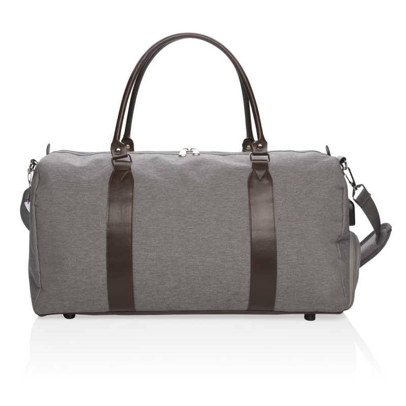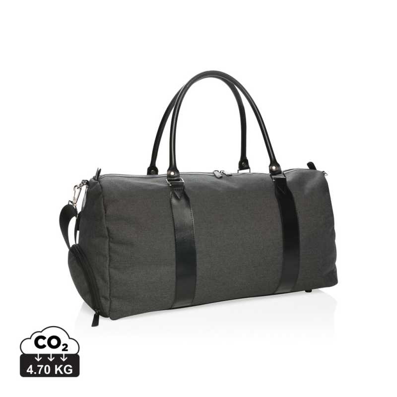 Štýlová 600D polyesterová víkendová taška s ušami z PU a pohodlným ramenným popruhom. Veľká hlavná priehradka s množstvom miesta pre vaše víkendové nevyhnutnosti či športové vybavenie. Ľahko môžete pripojiť powerbanku k integrovanému dobíjecímu USB A portu a nabíjať tak telefón či tablet za chôdze. Praktické vrecko na bočnej strane. Bez PVC.
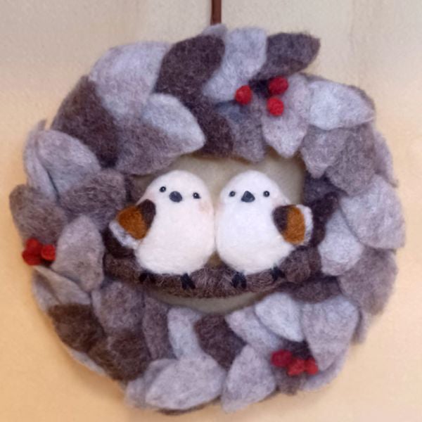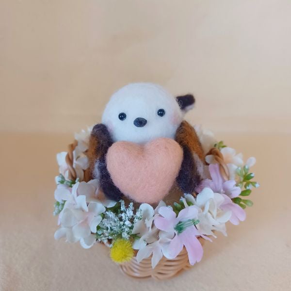羊毛シマエナガさんのハートのバスケット
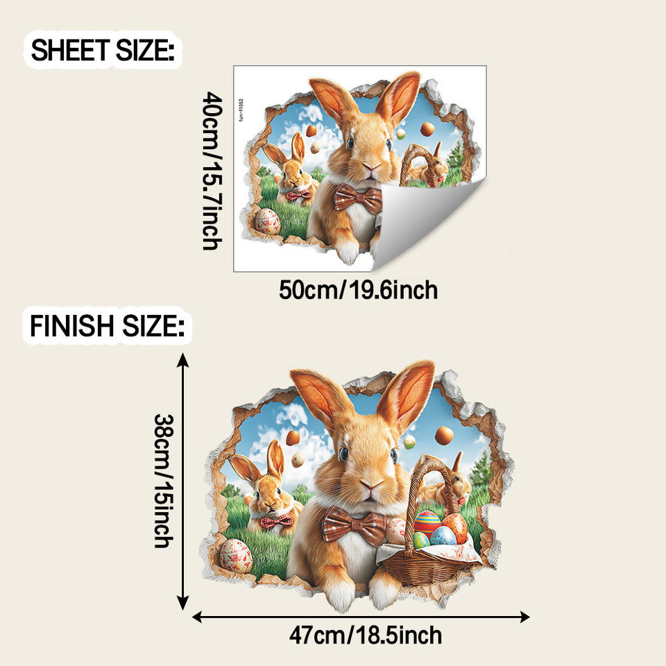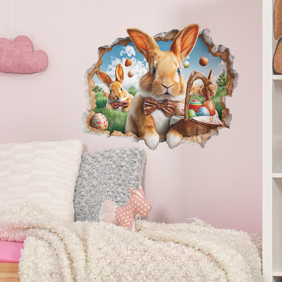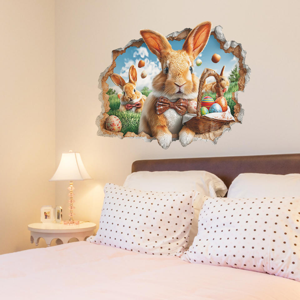 Autocollants muraux 3D créatifs en forme de lapin briseur de mur, autocollants muraux en vinyle PVC, œufs de Pâques, dessins animés pour chambre d'enfant
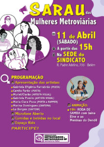 O Sindicato realizará em 11 de abril o SARAU das Mulheres Metroviárias. Será um evento de cultura e confraternização que fechará o período das atividades das mulheres na categoria.

ASSIGNMENT: Write the material above out again exactly. Omit every image.

WRITTEN ANSWER:
 Štýlová 600D polyesterová víkendová taška s ušami z PU a pohodlným ramenným popruhom. Veľká hlavná priehradka s množstvom miesta pre vaše víkendové nevyhnutnosti či športové vybavenie. Ľahko môžete pripojiť powerbanku k integrovanému dobíjecímu USB A portu a nabíjať tak telefón či tablet za chôdze. Praktické vrecko na bočnej strane. Bez PVC.
羊毛シマエナガさんのハートのバスケット
 Autocollants muraux 3D créatifs en forme de lapin briseur de mur, autocollants muraux en vinyle PVC, œufs de Pâques, dessins animés pour chambre d'enfant
 O Sindicato realizará em 11 de abril o SARAU das Mulheres Metroviárias. Será um evento de cultura e confraternização que fechará o período das atividades das mulheres na categoria.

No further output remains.